Book Synopsis Translingual Poetics by : Sarah Dowling
Download or read book Translingual Poetics written by Sarah Dowling and published by University of Iowa Press. This book was released on 2018-12-03 with total page 241 pages. Available in PDF, EPUB and Kindle. Book excerpt: Since the 1980s, poets in Canada and the U.S. have increasingly turned away from the use of English, bringing multiple languages into dialogue—and into conflict—in their work. This growing but under-studied body of writing differs from previous forms of multilingual poetry. While modernist poets offered multilingual displays of literary refinement, contemporary translingual poetries speak to and are informed by feminist, anti-racist, immigrant rights, and Indigenous sovereignty movements. Although some translingual poems have entered Chicanx, Latinx, Asian American, and Indigenous literary canons, translingual poetry has not yet been studied as a cohesive body of writing. The first book-length study on the subject, Translingual Poetics argues for an urgent rethinking of Canada and the U.S.’s multiculturalist myths. Dowling demonstrates that rising multilingualism in both countries is understood as new and as an effect of cultural shifts toward multiculturalism and globalization.

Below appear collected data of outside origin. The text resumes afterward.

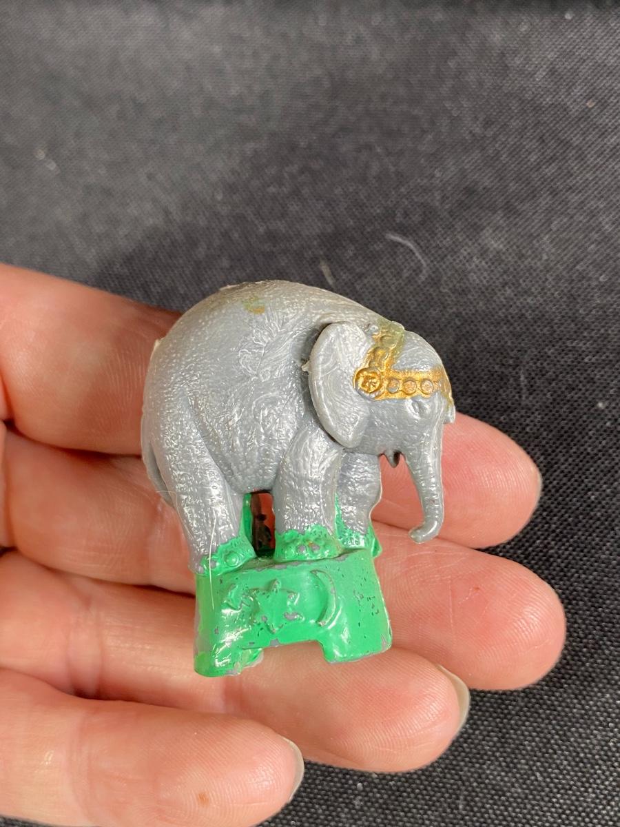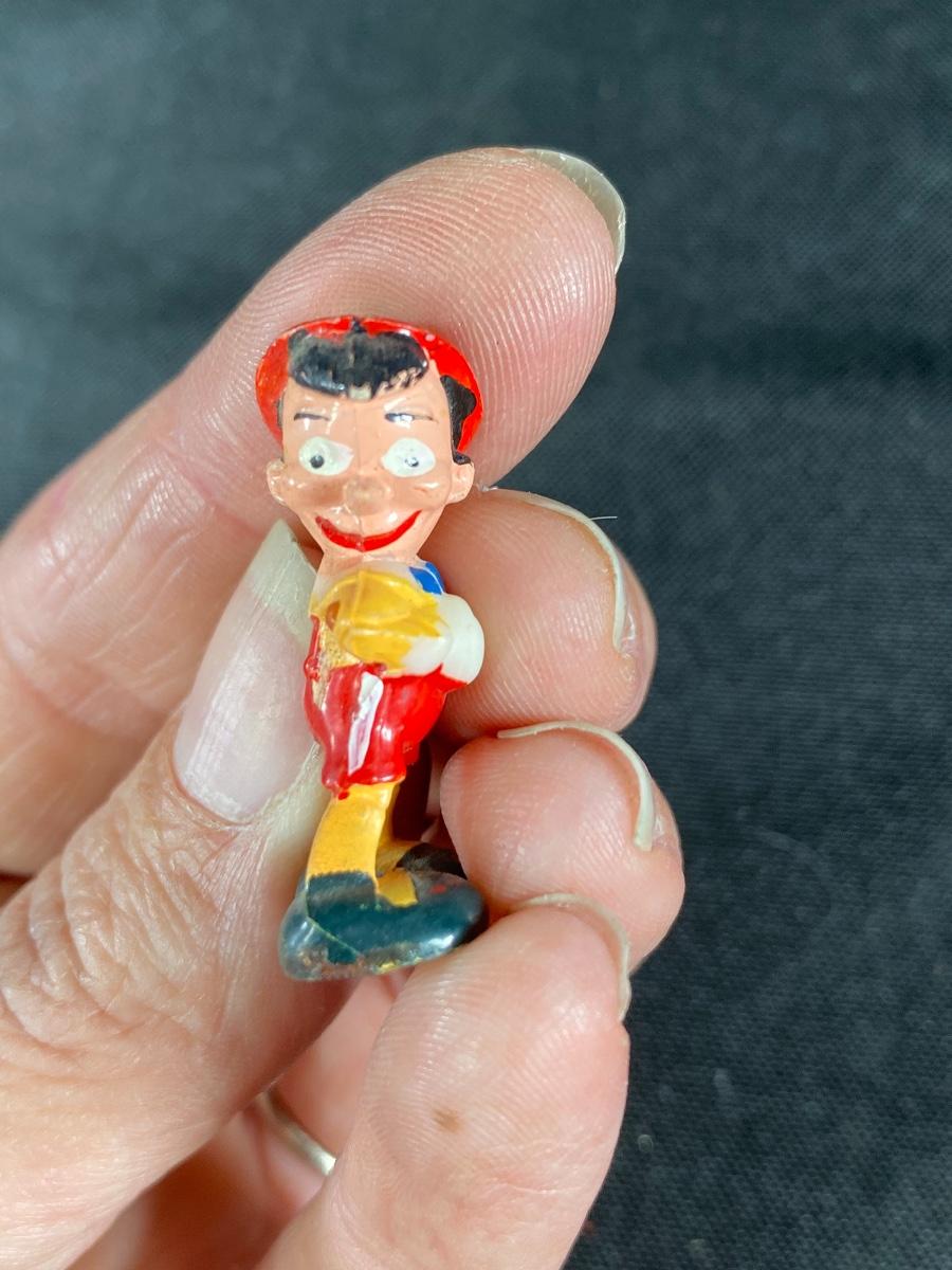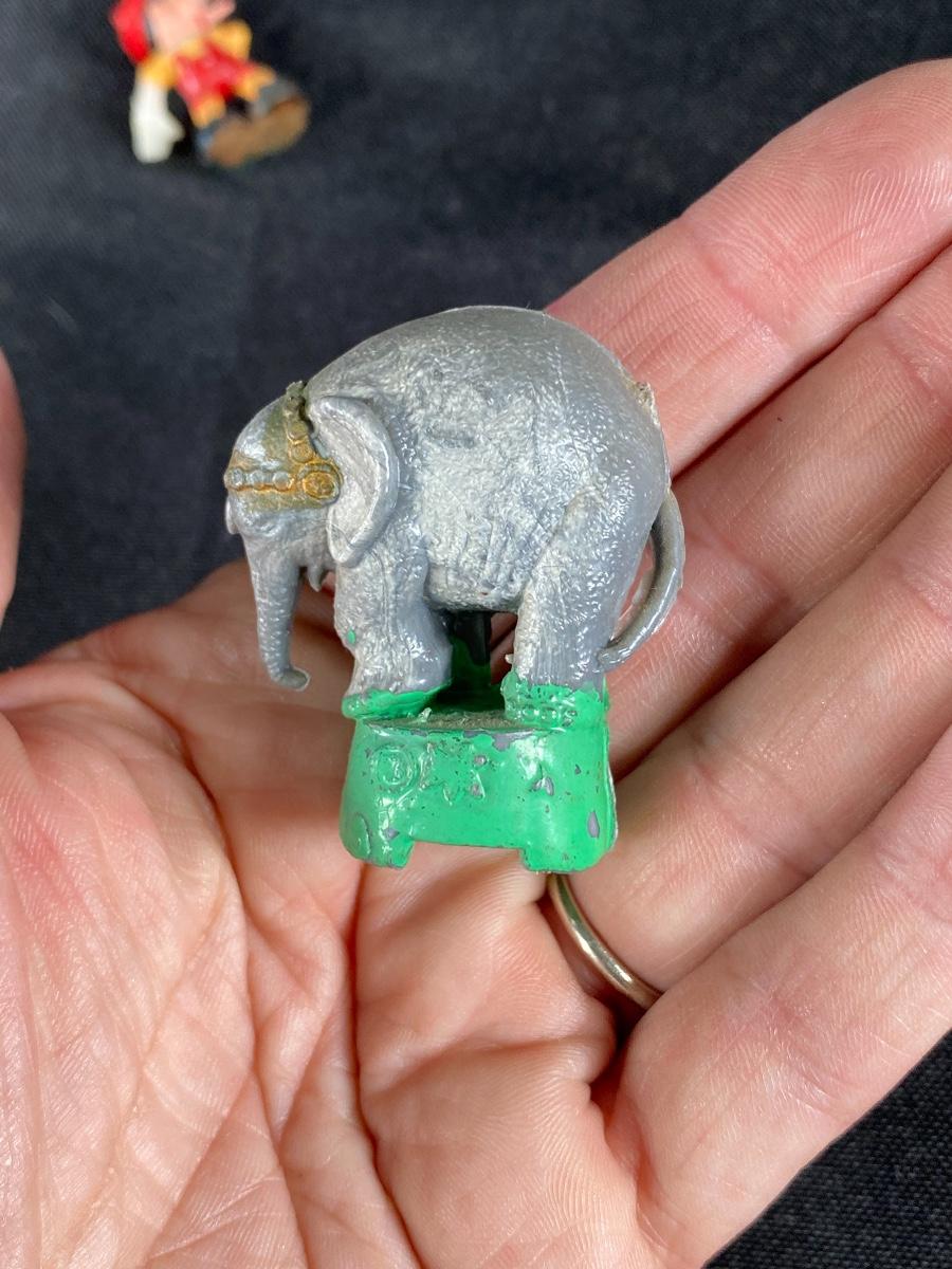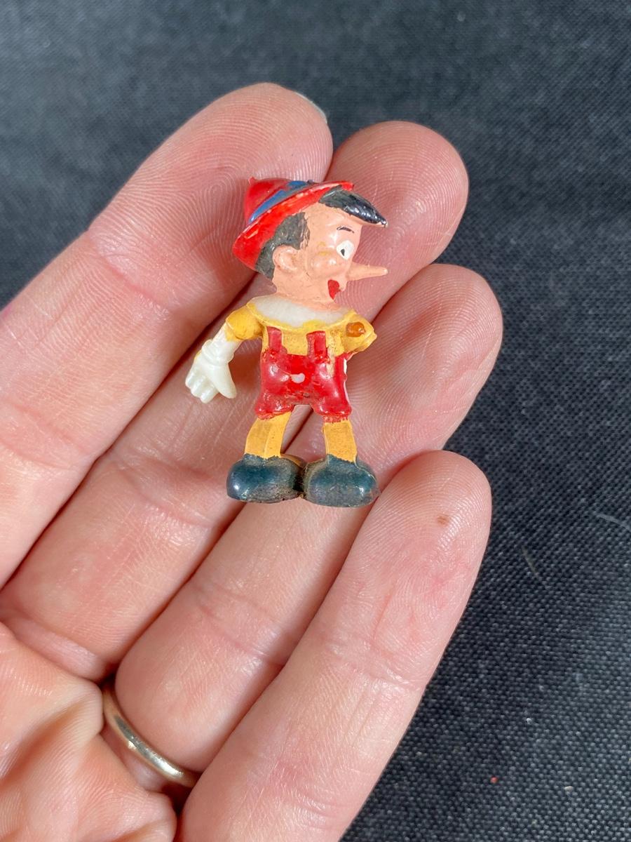 Miniature plastic Pinocchio and circus elephant figurines. About 1.5" size. Age unknown but they look older.
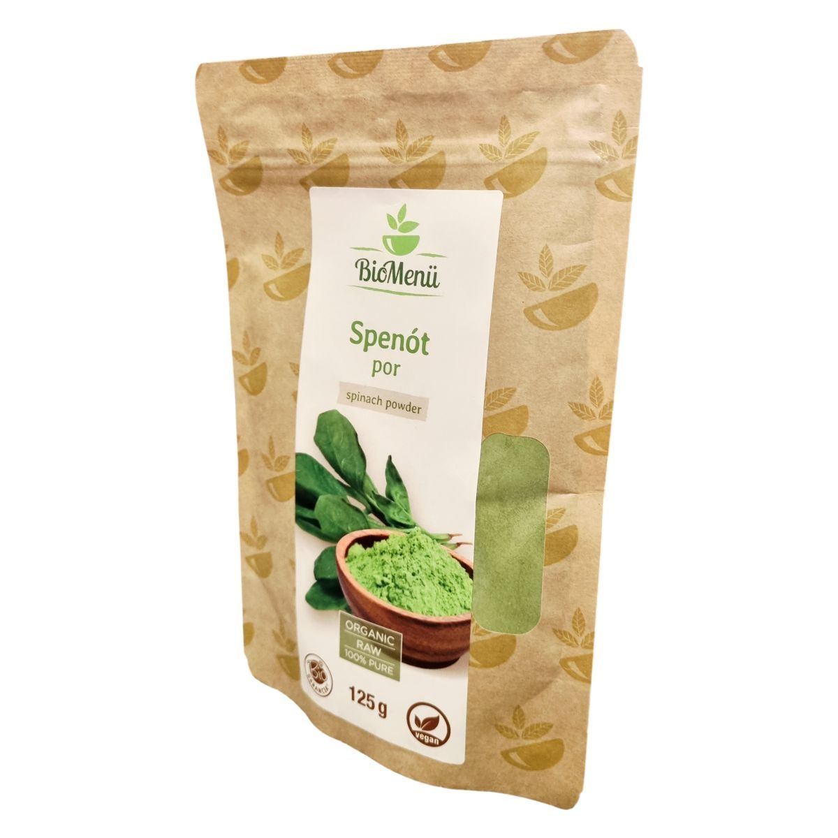 A BioMenü BIO SPENÓT por egy 100% tiszta, organikus és vegán termék, amelyet az Európai Unióban állítanak elő. A termék 125 grammos kiszerelésben kapható, és 25 adagot tartalmaz. A spenótpor gazdag fehérjében és rostban, ami hozzájárulhat az egészséges táplálkozáshoz. Az oxálsav tartalom miatt azonban nem ajánlott vese- és epehólyag problémákkal küzdőknek. A termék minőségét a HU-ÖKO-02 tanúsítvány garantálja.
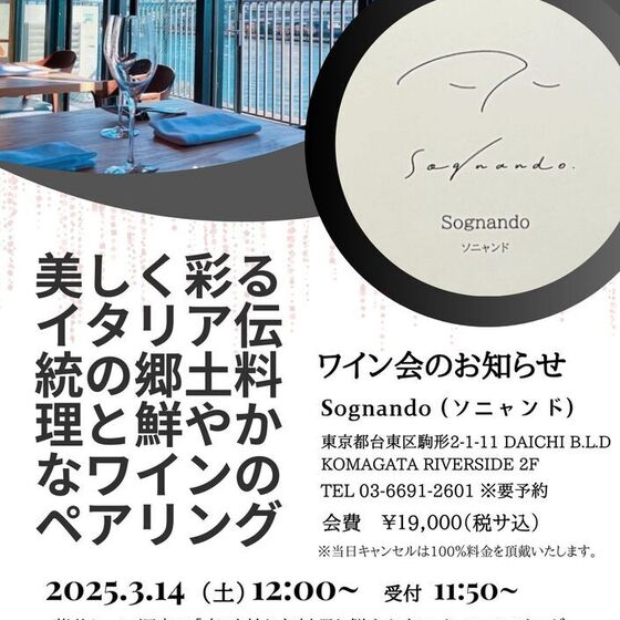 by場所:Sognando(ソニャンド) 〒111-0043 東京都台東区駒形2-1-11 DAICHI B.L.D KOMAGATA RIVERSIDE 2F 都営大江戸線【蔵前駅】A7出口から徒歩2分 都営浅草線【浅草駅】A2a出口から徒歩3分 東京メトロ銀座線【浅草駅】4番出口から徒歩6分 (公共交通機関をご利用ください。)2026年3月14日(土)~2026年3月14日(土)
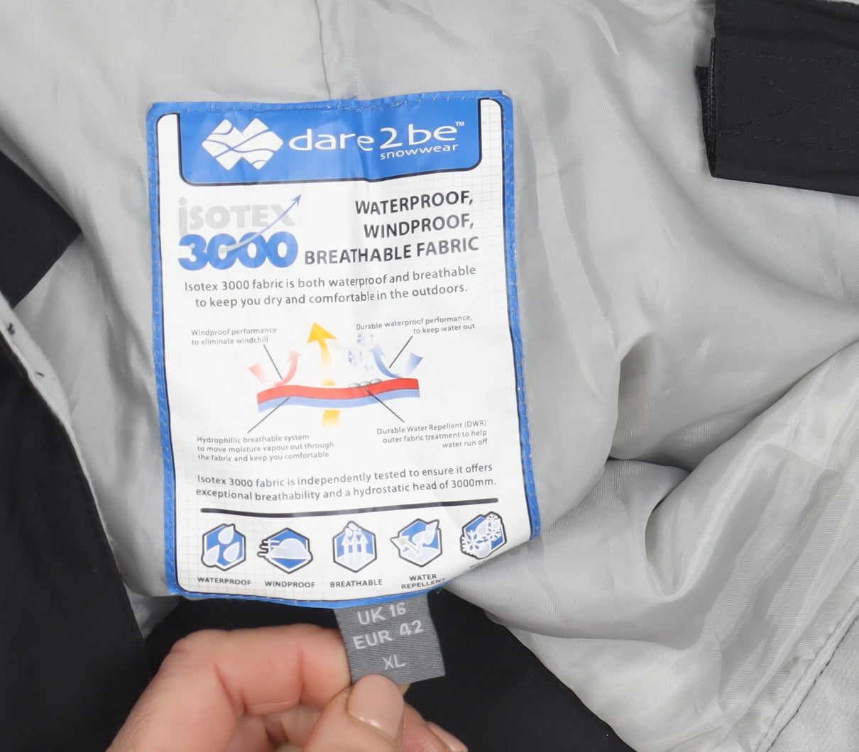 Stay warm, dry and comfortable on the slopes or during outdoor winter adventures with these Dare 2 Be men’s black snow pants. Crafted using durable Isotex 3000 fabric, they offer reliable waterproof, windproof and breathable protection, making them the perfect choice for skiing, snowboarding or hiking in cold, wet conditions. The outer fabric is treated with a water-repellent finish to allow rain and snow to run off easily, ensuring comfort throughout the day. Designed in size XL for a comfortable regular fit, they feature an adjustable waistband with secure hook and loop tabs for a flexible fit and zip fastening for convenience. The trousers have a simple straight leg design that layers easily over ski or hiking boots. They are insulated for effective warmth retention without added bulk, keeping you protected from low temperatures while maintaining freedom of movement. The lightweight softshell construction enhances comfort and weather resistance at the same time. Ideal for winter sports enthusiasts, hikers, or anyone looking for superior outdoor protection, these trousers are also machine washable for easy care. In excellent pre-owned condition with light general wear, they still deliver the performance expected from a leading activewear brand. With multiple features including waterproof, windproof, breathable and thermal properties, this item offers fantastic value for quality and durability. Perfect for your next ski trip or cold-weather outing, these Dare 2 Be black snow pants combine practicality and style in a reliable, technical design that’s built for the British winter and beyond.

This view conceals the continent’s original Indigenous multilingualism and the ongoing violence of its dismantling. It also naturalizes English as traditional, proper, and, ironically, native. Reading a range of poets whose work contests this “settler monolingualism”—Jordan Abel, Layli Long Soldier, Myung Mi Kim, Guillermo Gómez-Peña, M. NourbeSe Philip, Rachel Zolf, Cecilia Vicuña, and others—Dowling argues that translingual poetry documents the flexible forms of racialization innovated by North American settler colonialisms. Combining deft close readings of poetry with innovative analyses of media, film, and government documents, Dowling shows that translingual poetry’s avoidance of authentic, personal speech reveals the differential forms of personhood and non-personhood imposed upon the settler, the native, and the alien.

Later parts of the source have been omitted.